Le Rapport de Brodeck (jeudi, 22 novembre 2007)

J'ai terminé il y a quelques jours "Le Rapport de Brodeck" de Philippe Claudel. J'ai hésité à en parler car ce roman nous maintient dans le même thème : celui de la dernière guerre. Mais il s'agit moins de l'Histoire que d'événements vécus en marge, par des gens simples.
"Je m'appelle Brodeck et je n'y suis pour rien." Le récit se clôt comme il commence. La maîtrise du récit est la grande qualité de Philippe Claudel. On avait même oublié qu'il y avait encore des écrivains capables de raconter une histoire...
Au début de cette histoire, un meurtre collectif, perpétré et assumé par les hommes d'un village, sous la conduite de leur maire. Quelque part, dans un pays de forêts, dans une région qui pourrait être l'Alsace ou la Lorraine, un an après la guerre. Et Brodeck sera chargé par le maire de faire un compte-rendu du meurtre auquel il n'a pas assisté...Pourquoi ? mystère !
Brodeck est l'homme instruit du village et il a une machine à écrire. L'homme assassiné, quant à lui n'a pas de nom : il est arrivé dans le village quelques mois auparavent, il ne venait de nulle part. Mais il était "différent", tellement différent qu'il en est devenu insupportable. Brodeck l'appelle l'Anderer, "l'Autre".
Ce n'est pourtant pas l'histoire de l'Anderer que nous raconte Brodeck, c'est la sienne...
Lui aussi a été l'étranger, ce qui lui a valu d'aller en camp de concentration.
Nous voilà ramenés aux origines de la destruction d'un être humain, en camp ou dans le village, en temps de paix.
Jean Hazfeld, qui a reçu le prix Médicis pour la "Stratégie des Antilopes" disait, que la caractérisque du génocide était de réduire l'homme à la condition de l'animal, aussi bien le bourreau que la victime.
C'est ce que Philippe Claudel reprend dans son roman : en camp de concentration, Brodeck devient "le chien Brodeck" pour survivre.
Pourquoi ?
Par peur de l'Autre, de sa différence. L'ignorance est le bouillon de culture de cette peur et le milieu clos-le village- entretient l'ignorance.

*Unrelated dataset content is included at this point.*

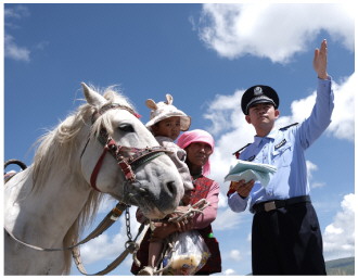 八月二十三日,青藏铁路公安局西宁公安处海晏车站派出所民警深入铁路沿线牧场开展爱路护路法治宣传,以提高牧民法治意识,确保铁路运输安全。图为民警为牧民讲解铁路保护相关法律知识。 本报通讯员 贺瑞明 马桢 摄

"C'est bien la peur éprouvée par d'autres, beaucoup plus que la haine ou je ne sais quel autre sentiment, qui m'avait transformé en victime."

Le meurtre de l'Anderer n'arrive pas sur un simple coup de folie des hommes du village, au début il est même bien accueilli. Des signes, des indices même antérieurs à sa venue l'avaient annoncé. L'Anderer, personnage christique, révèle aux hommes leur vérité : il en mourra.

Michel Tournier avait déjà écrit dans plusieurs ouvrages, sur le rejet du nomade par le sédentaire en prenant pour exemple l'un des plus anciens mythes de la Bible, le meurtre d'Abel par Caïn. Ils étaient frères mais Abel est berger et nomade alors que Caïn est cultivateur et sédentaire. J'ai aussi retrouvé, dans le "Rapport de Brodeck", avec un autre éclairage, la pensée de Michel Tournier.

Mais le roman n'est pas désespéré grâce à deux très beaux personnages féminins, une grand-mère et une petite-fille, rayon de soleil du livre.
Et puis quand on est l'Autre, rejeté, il reste une solution : partir. C'est ce que fera Brodeck, Brodeck qui a survécu au camp de la mort.